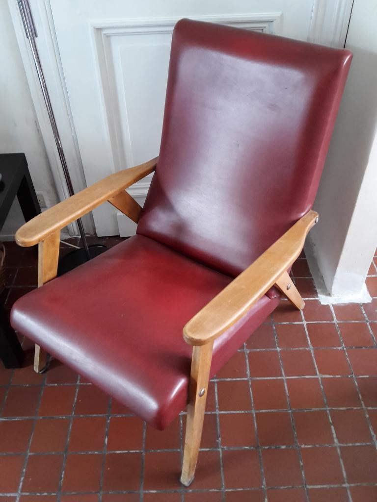 - Donkerrode vintage zetel, skai en hout, in prima staatMooie retro zetel, zit heel goed, maar past niet meer in mijn interieur. Vertoont lichte gebruikssporen.Ophalen
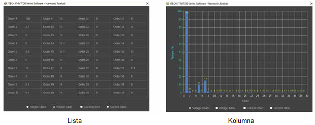 Zasilacze serii IT-M7700 mierzą harmoniczne napięcia i prądu do 50. w paśmie od 45 Hz do 50 Hz. Wyniki analizy wyświetlają w sposób czytelny w postaci listy lub diagramu słupkowego (funkcja „kolumny”), jak to przedstawiono na rysunkach poniżej.
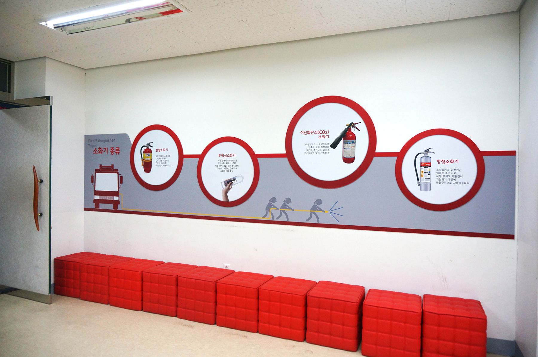 소방전 체험장에서는 소화기의 종류와 특징 그리고 안전하게 불을 끌 수 있는 소화전과 소화기 사용법 등을 배워볼 수 있습니다.
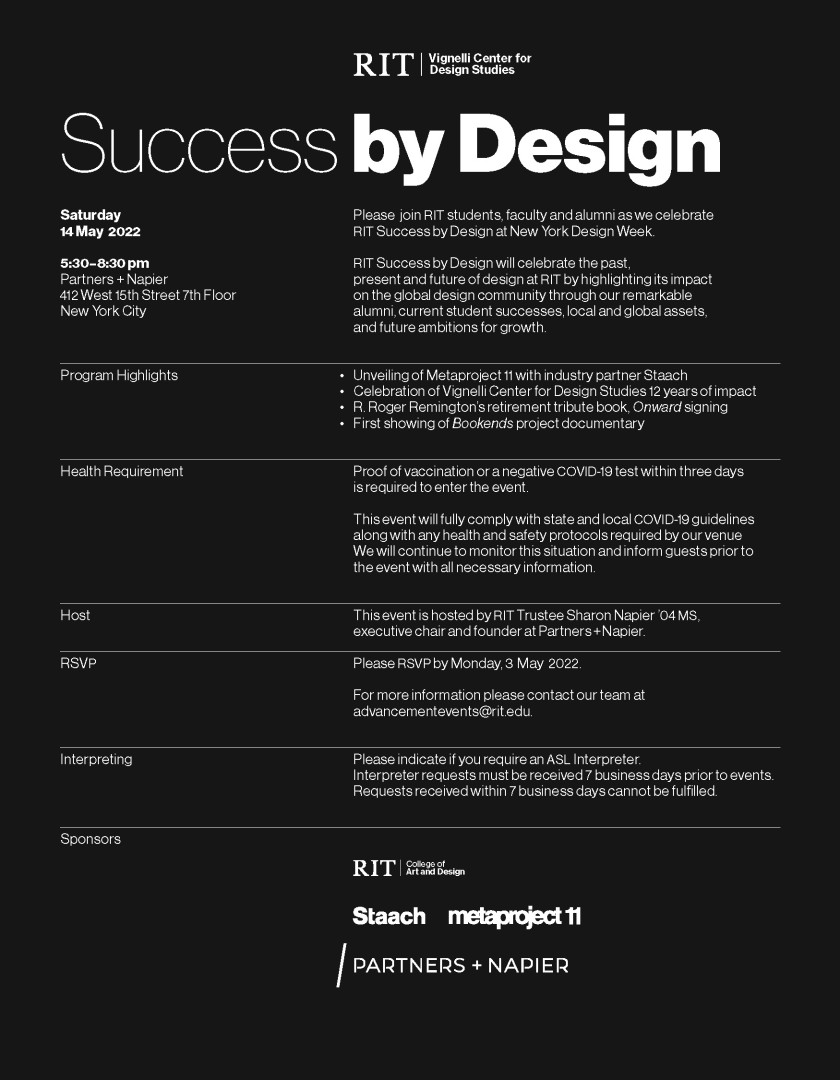 Please join RIT students, faculty and alumni as the Vignelli Center for Design Studies celebrates RIT Success by Design at New York Design Week.
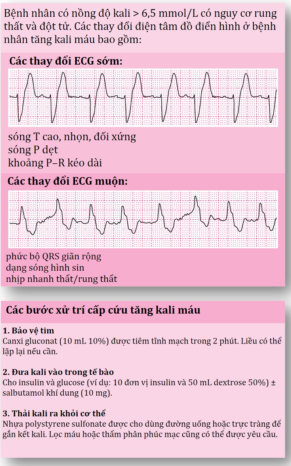 Tăng kali máu nhẹ không có triệu chứng nhưng ở mức độ cao hơn, nó liên quan đến loạn nhịp tim đe dọa tính mạng và ngừng tim. Xử trí cấp cứu tăng kali máu được trình bày trong Hình 2.3.
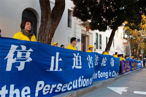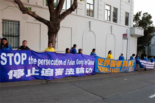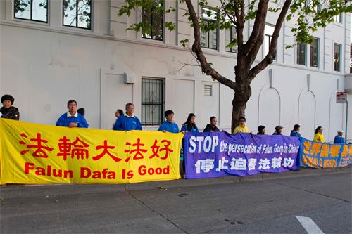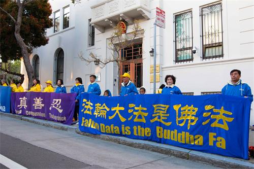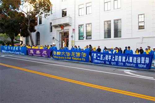 <英文版: http://en.minghui.org/html/articles/2019/4/28/176651.html>旧金山学员中领馆前纪念四·二五(图)

* [Task statement]
Word for word, repeat the lines above from the one with "Zasilacze serii IT-M7700" through the one with "소방전 체험장에서는 소화기의", and nothing beyond them. Omit the pictures.

* [Expected answer]
 Zasilacze serii IT-M7700 mierzą harmoniczne napięcia i prądu do 50. w paśmie od 45 Hz do 50 Hz. Wyniki analizy wyświetlają w sposób czytelny w postaci listy lub diagramu słupkowego (funkcja „kolumny”), jak to przedstawiono na rysunkach poniżej.
 소방전 체험장에서는 소화기의 종류와 특징 그리고 안전하게 불을 끌 수 있는 소화전과 소화기 사용법 등을 배워볼 수 있습니다.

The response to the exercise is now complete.